- **Work task**:
Output every line below exactly, please, omitting pictures.

- **Supplied information**:
^^^^^^^^^^^^^^^^

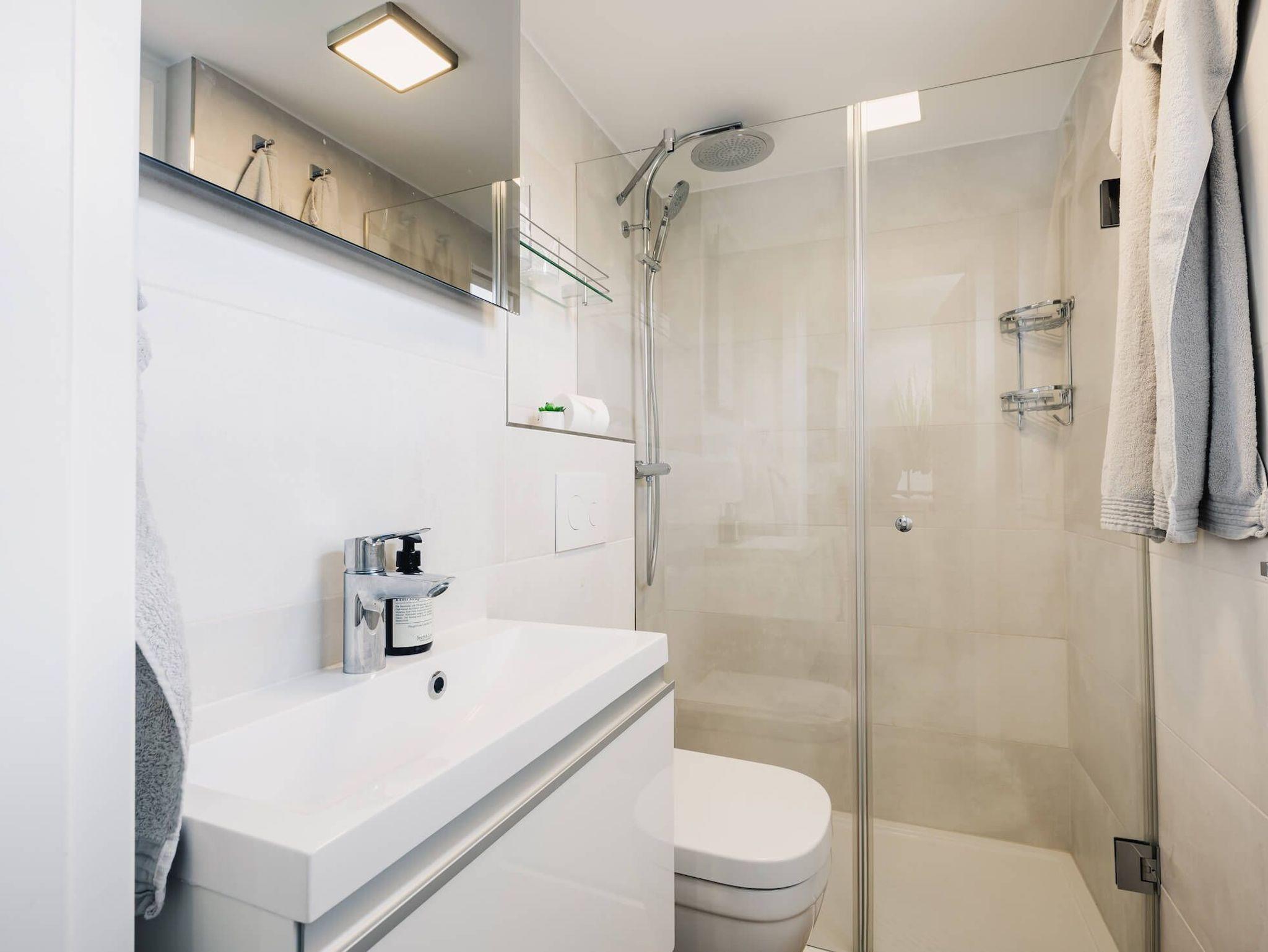 • Modernes Bad mit Dusche:Für eine erfrischende Auszeit.
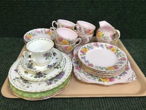 A tray of twenty piece Tuscan September song tea service, Royal Albert plates and trio etc
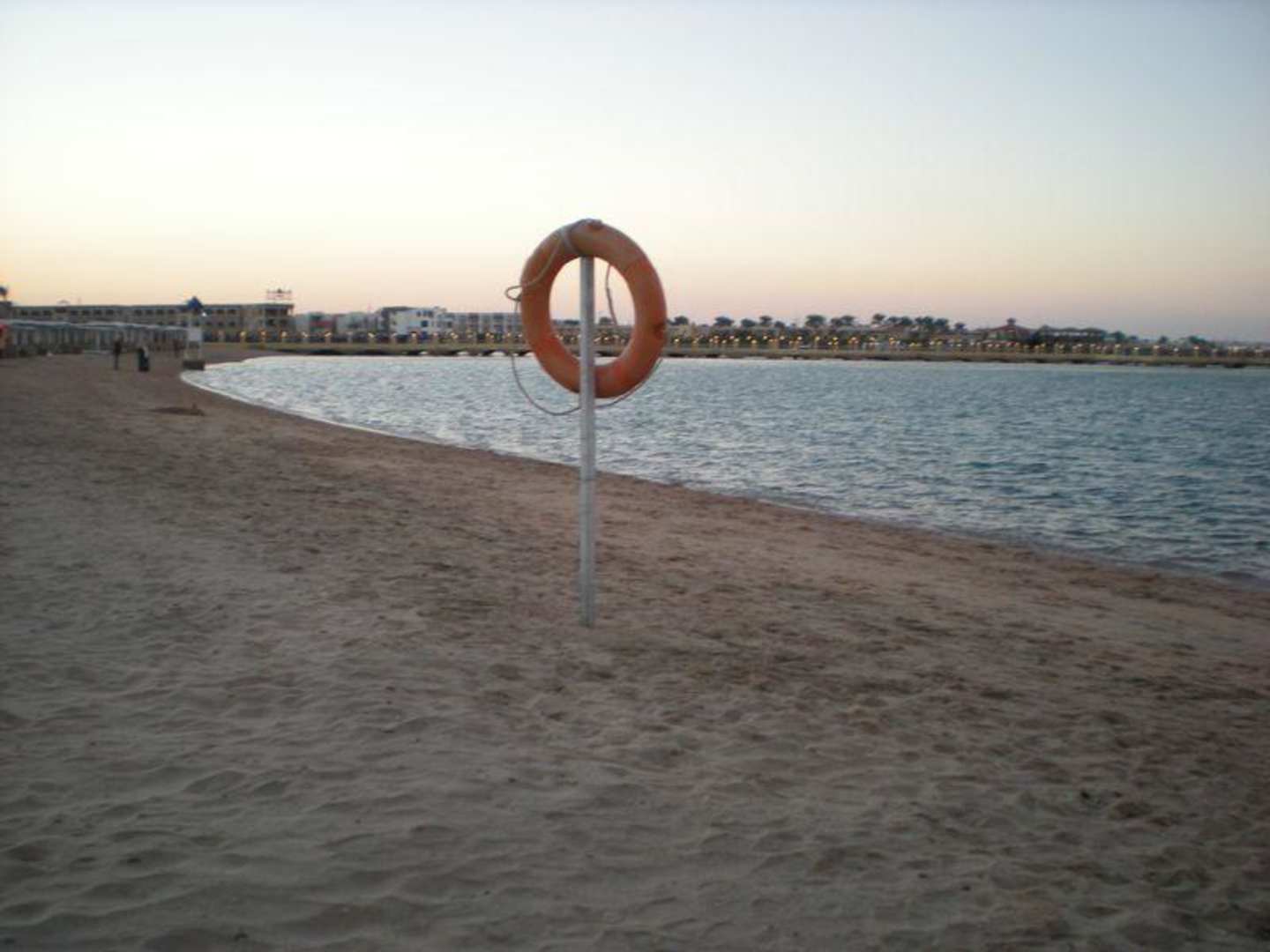 Sandstrand vom Hotel Dana Beach abends im WinterDer feinsandige Standstrand des Schwesternhotels "Dana Beach" bei Sonnenuntergang im Januar. Strand ist von Hotel (Jungle Park) in ca. 5-10 Minuten Gehzeit erreichbar oder mit Gratis-Shuttlebus. Schoener Sandstrand mit Liegen und Sonnenschirmen.

^^^^^^^^^^^^^^^^

- **Response to the task**:
 • Modernes Bad mit Dusche:Für eine erfrischende Auszeit.
 A tray of twenty piece Tuscan September song tea service, Royal Albert plates and trio etc
 Sandstrand vom Hotel Dana Beach abends im WinterDer feinsandige Standstrand des Schwesternhotels "Dana Beach" bei Sonnenuntergang im Januar. Strand ist von Hotel (Jungle Park) in ca. 5-10 Minuten Gehzeit erreichbar oder mit Gratis-Shuttlebus. Schoener Sandstrand mit Liegen und Sonnenschirmen.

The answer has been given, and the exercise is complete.